L'Homme au chapeau et à la carabine… (15/07/2008)

On dirait qu’il s’est caché sous l’ombre de l’arbre.
Ça doit faire plus d’une heure maintenant qu’il est tapi sur son vieux fauteuil, quasi immobile, le visage dissimulé sous la double pénombre du chapeau et du Mûrier.
Les jambes semi allongées devant son siège, les bras reposants sur les accoudoirs blancs qui tranchent sous le hâle prononcé de sa peau, le torse nu, luisant de sueur. Du haut de son corps, de sa tête, on ne perçoit que le tissu verdâtre du couvre-chef, posé là comme pour masquer son regard de chasseur.

John Wayne domestique, il adosse sur ce vieux siège sa silhouette massive, moins tassée par les ans que par sa volonté de marquer son ascendant sur ce bout de terre rongée de chaleur. Son immobilité dresse une barrière tacite entre les femmes qui s’agitent dans la maison et sa veille hiératique sous l’arbre unique de ce coin de jardin.
L’air s’alourdit encore à mesure que s’égrène le temps de cette matinée torride.
Quelques mouches bourdonnent autour de lui, il n’y prête aucune attention, pas même quand l’une d’elles se pose effrontément sur son coude et entreprend insolemment la descente de son avant-bras. Elle progresse vers sa main, légère, effleurante, chatouillante. Il attend la dernière limite de l’insupportable avant de lever brusquement son poignet, décollant son bras tout entier de l’engin qui barre sa poitrine ruisselante. Dans la pénombre du feuillage, éclaircie un bref instant par une brise ténue, la crosse en bois dévoile la teneur de l’objet qu’il berce ainsi silencieusement depuis si longtemps.

Calée par son genou droit et l’accoudoir du fauteuil, la carabine repose comme un enfant sur son torse, embrassée par ses mains jointes. S’est-t-il assoupi ainsi, comme une mère exténuée d’avoir bercé son bébé jusqu’à l’endormissement ? S’est-il seulement imprégné des souffles brûlants de l’été et des bruissements des insectes ? S’est-il plutôt retranché de la société des hommes et de leurs vaines occupations communes ?
L’homme est seul, immobile, silencieux, abandonné dans l’ombre feuillue à l’emprise de ses sombres desseins.
Car, si l’œil de l’observateur zoomait subrepticement sur la silhouette figée là-bas, une foule de détails à peine perceptibles trahiraient l’extrême tension du chasseur.

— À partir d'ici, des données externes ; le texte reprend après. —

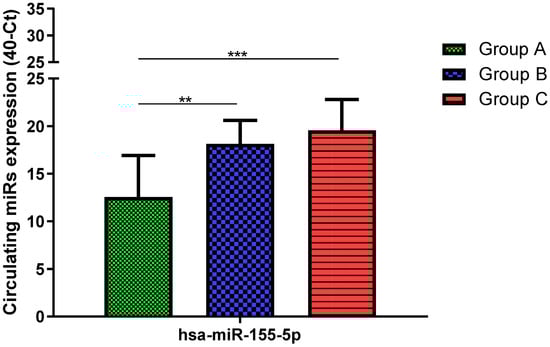 Serum levels of hsa-miR-155-5p in HNW (Group A), MANW (Group B) and HNAO (Group C). Results were shown as means ± SD. The statistical tests used in these analyses were one-way analysis of variance using Kruskal–Wallis test followed by Dunn’s Multiple Comparison Test. ** p < 0.01, *** p < 0.001.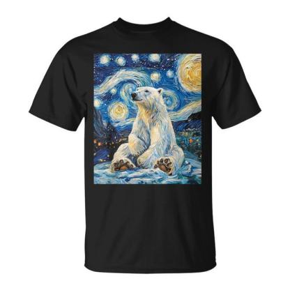 Cute Polar Bear Van Gogh Style Starry Night T-Shirt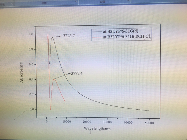 各位大神帮帮忙,为什么我如图物质通过Gaussian 计算后得到紫外光谱的波长那么大,已经算了两次,都是很大,什么原因呢? 发自小木虫IOS客户端 |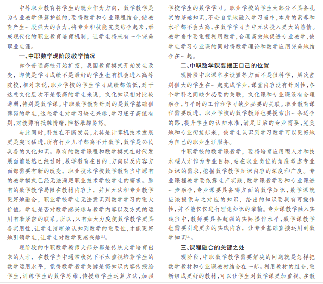 中职数学是中等职业学校中关键性的基础课程,不但和社会实践、日常生活有紧密的联系,还是学好其他 专业课程的前提。中职数学和专业课教学融合能够更好地为专业课服务,适应学生日后的职业生涯,有利于学生从实际 出发提升自身的水平,进一步改进和完善现阶段课堂教学模式,改善现阶段中学数学教学状况,满足职业教育的发展需 求。要想结合中职数学和专业教学,需要改进和完善教学活动,本文对此方面进行了分析。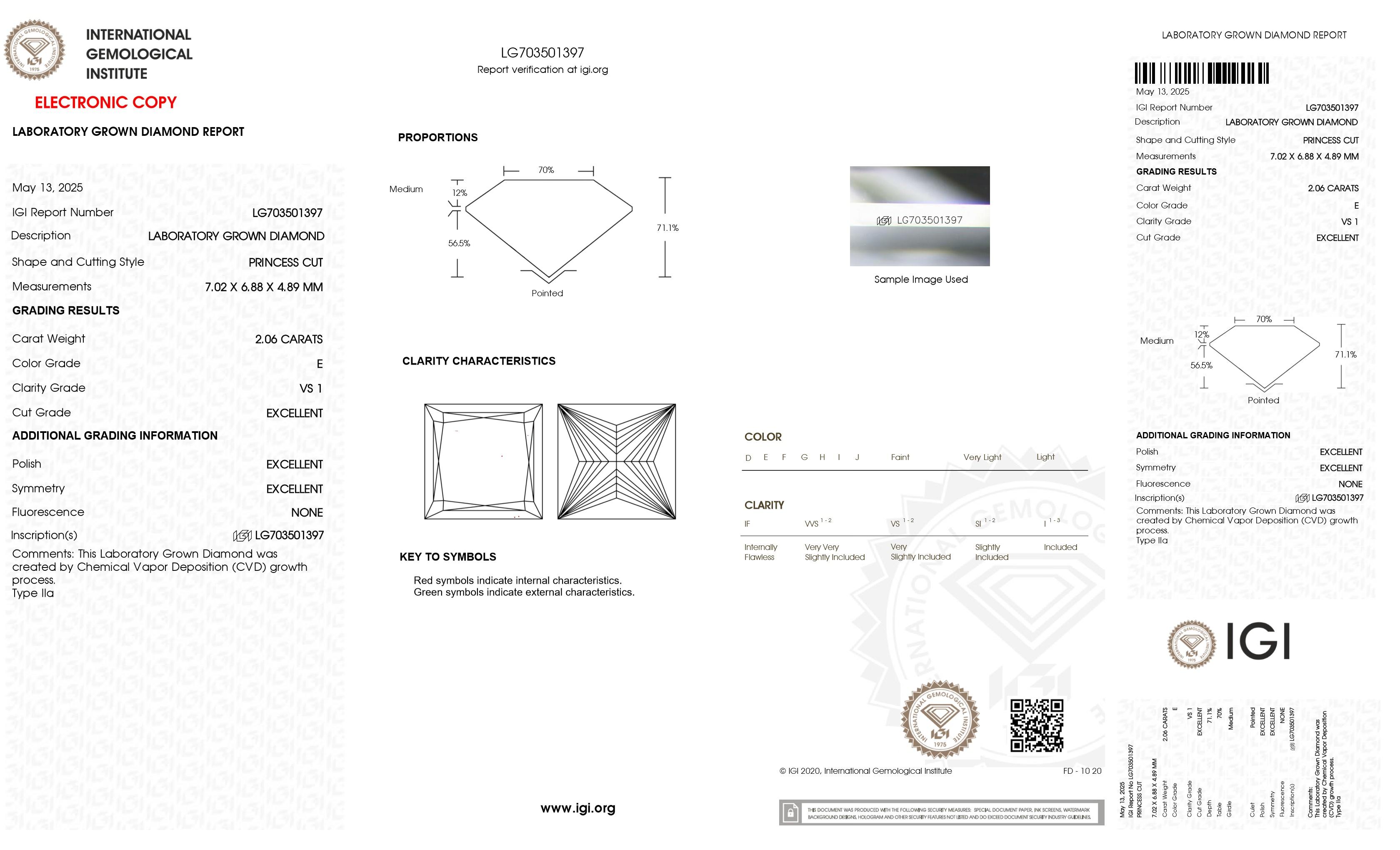 The diamonds feature precision laser inscriptions with the IGI certificate numbers, ensuring authenticity and traceability.

Posté depuis le début de la matinée, il guette patiemment l’ennemi, attentif à ne pas trahir sa présence et la menace qu’il fait peser sur ceux qui nuisent à sa tranquillité.
Il s’est établi veilleur et gardien, défenseur du lieu et sa stratégie de sentinelle se fige dans l’attente de l’attaque.

Il a admis qu’il devra patienter longtemps, résister à l’impérieux besoin de se dégourdir, à la soif et à la chaleur, mais après ces dernières semaines d’attaques sournoises, de faits accomplis insidieux, de dégâts furtifs, il s’est levé déterminé à en finir une bonne fois pour toutes, quel qu’en soit le prix.
Et le voilà à son poste, sourd au chant des cigales, indifférent au léger clapotement de l’eau dans la piscine toute proche, inaccessible aux bavardages confus qui bruissent de la maison et rebelle aux appels l’invitant à se rafraîchir.

Dans cinq minutes, un quart d’heure tout au plus, il sait qu’elles reviendront, les sales bêtes, elle remonteront du haut de la colline et passeront par-dessus la cime des Rouvres, marqueront sans doute une halte dans la ramure du grand chêne blanc, derrière la haie de la piscine, puis en chœur, en duo charmeur, elles viseront leur étape suivante, l’antenne râteau qui trône encore sur le pignon, à l’aplomb de la terrasse, balançant avec mépris leur fiente dégoulinante sur le seuil de la cuisine.
Alors, et alors seulement, certain de punir les vraies coupables, il épaulera lentement son arme déjà chargée de cartouches au gros sel, il visera calmement, sûr de son bon droit, et si la chance est avec lui et ne brouille pas son regard perçant par une goutte de sueur traîtresse, il fera voler quelques plumes de leurs queues…

Les pies alarmées par cette attaque inattendue se passeront le mot, alerteront leurs escadrons multiples du danger de cette halte, et l’armée entière des dames noires s’exilera quelques jours, quelques semaines peut-être, laissant la place aux pigeons et tourterelles avides de les remplacer, jusqu’à ce que notre chasseur reprenne son poste et défende son territoire.
Dieu, que le combat de l’Homme et de la Nature est éternel!